No parece que los amarres den más seguridad. A medida que Alto va atando las endebles tablillas, sin dejar de temblar y tambalear de pasarela en pasarela, el andamio cobra peor aspecto, añadiendo el crujido de las viejas sogas y la cinta que apenas pega al de la madera y los clavos.
—De todas formas… —dice rompiendo el silencio que durante media hora solo ha sido interrumpido por algún «cuidado» y «agárrese bien» ocasional—. Imagino que desde ahí dentro se podrá… No pienso volver a bajar por aquí… hábleme mientras acabo.
—¿Qué…?
—No sé… ¿qué opina de lo que cuenta Aguirre? Cada vez está más estropeado y aguanta menos pero… uy… pero hay… ¿Qué es eso de la conspiración?
—Siempre se habla de conspiraciones en el Destripador… es una… una obsesión. Yo no creo. Hay que ver quién es detrás…
—¿No está claro aún?
—Tenemos dos bandos. Dembow y contactos políticos que parecen llegar a Victoria, y ese Demonio, Dragón con sus maleotes…
—Maleantes.
Eso. Y luego está Tumblety con Jack, el que tenemos aquí. ¿Qué relación…?
—Ni idea. Y no… aquí, una última cuerda aquí y esto quedará seguro… ¿Qué iba a decirle…?
—No sé… ¿Tumblety?
—No. La novela. Esa que nos han dejado. Es de lo más inquietante.
—Parece que al final le entretiene a usted.

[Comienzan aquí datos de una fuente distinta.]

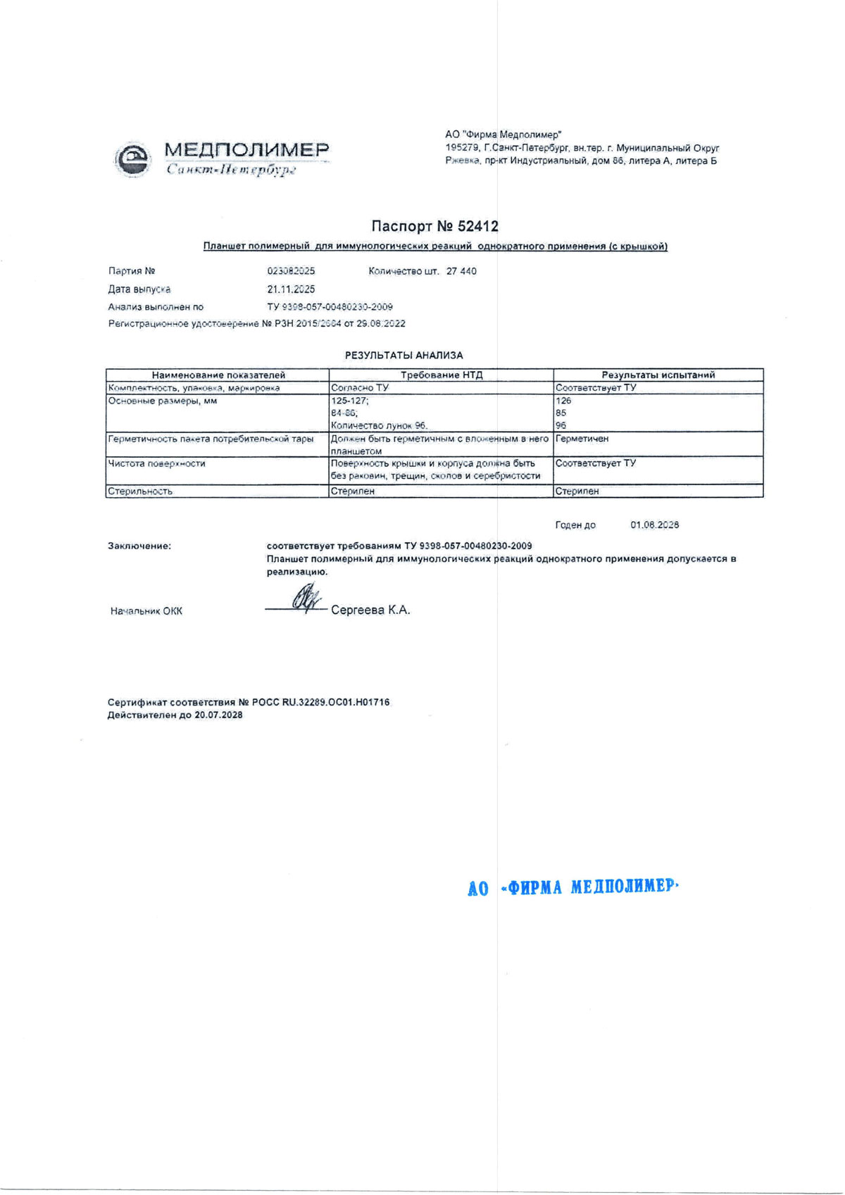 - Планшет полимерный для иммунологических реакций, п. 023082025 до 01.08.2028
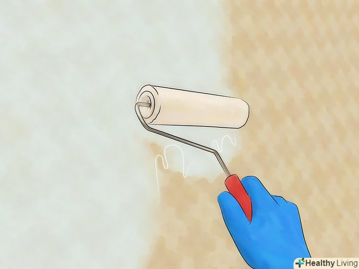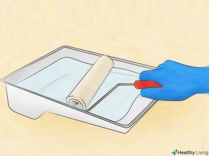 Намочіть валик для фарбування в розчині для зняття шпалер, змішаного з водою. підійдуть також губка або велика пензлик.- Побутовий розпилювач значно полегшить нанесення розчину, але при цьому розчин буде буде швидше охолоджуватися. Зважте альтернативи.
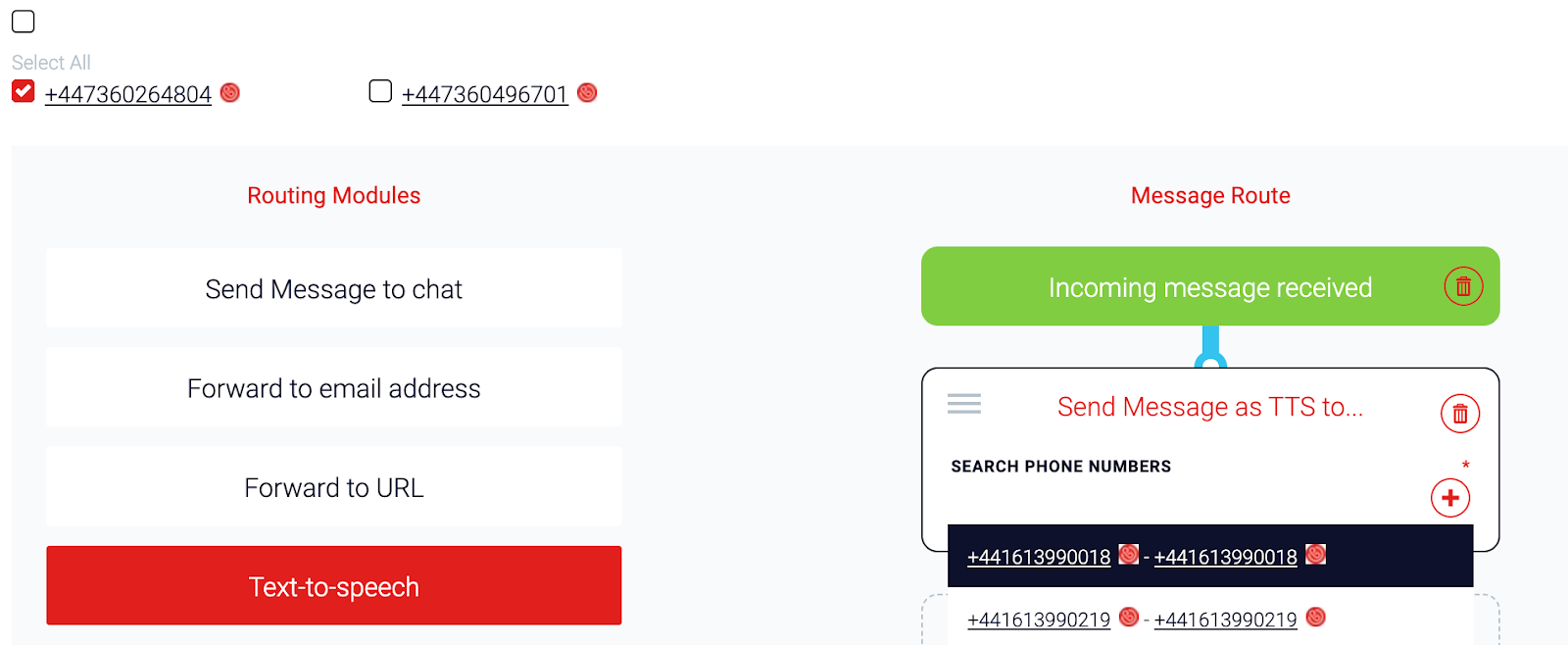 Alternatively, use the Text to Speech module and assign a number to the message route. When a message is received, the assigned number will be called, and the message will be read out using the Text to Speech feature. You can press 1 to repeat the message
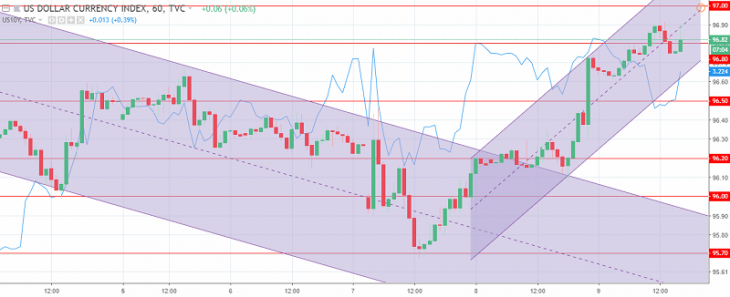 The US dollar index on this statistics resumed growth, which showed from the start of the day, but at the same time limited to overbought and formed resistance levels: 96.80 and 97.00.

La han dejado aquí por algo, de eso estoy seguro. Hay mucho paralelismo entre… entre… Está esa casa vieja y Forlornhope… el viejo conde, su hijo… Además, empieza como una historia romántica clásica, con sus jóvenes atormentados, sus heroínas caprichosas… y luego se convierte en… en terror.
—¿Terror?
—Sí. Es extraño. La obsesión del conde por que su hijo sea idéntico a él, hasta que lo consigue… al final, cuando están los dos aislados en la Torre del Suicida, el joven Louis se comporta idéntico a su padre, de hecho no está seguro él mismo de quién es, asunto este de la confusión de la propia identidad que no es muy habitual en estas noveluchas… Jim encuentra el cadáver enmohecido del conde de Gondrin…
—Sí, parece terror.
—Lo es, en efecto. Hacia el final… y todas esas coincidencias. El ajedrez… esas partidas, ¿se acuerda? Juega partidas paralelas una y otra vez, hasta que consigue que ambos, padre e hijo realicen exactamente los mismos movimientos cuando se enfrentan a Jim, sin hablar entre ellos, claro. Esto casi está. Y el incesto.
—¿También incesto?
—Sí. ¿Recuerda la niña que corría, en lo que le leí ayer o anteayer? Era… la niña de Camille. Jim la creía muerta, a la madre, pero había quedado embarazada y huyó… o algo así, me salto muchas partes. Tuvo la niña y murió. Primero cree que es suya, o el autor se lo hace creer al lector. Luego descubrimos que ambos amantes, envueltos en un paño de castidad, jamás consumaron, y el hijo…
—Es de su hermano.
—Ajá… Esto ya está. —Alto zarandea las maderas un poco y toda la construcción se mueve y se queja, a punto de desplomarse.
—¡No haga así…!
Agarrado con fuerza, espera a que el vaivén termine. Todo sigue en su sitio.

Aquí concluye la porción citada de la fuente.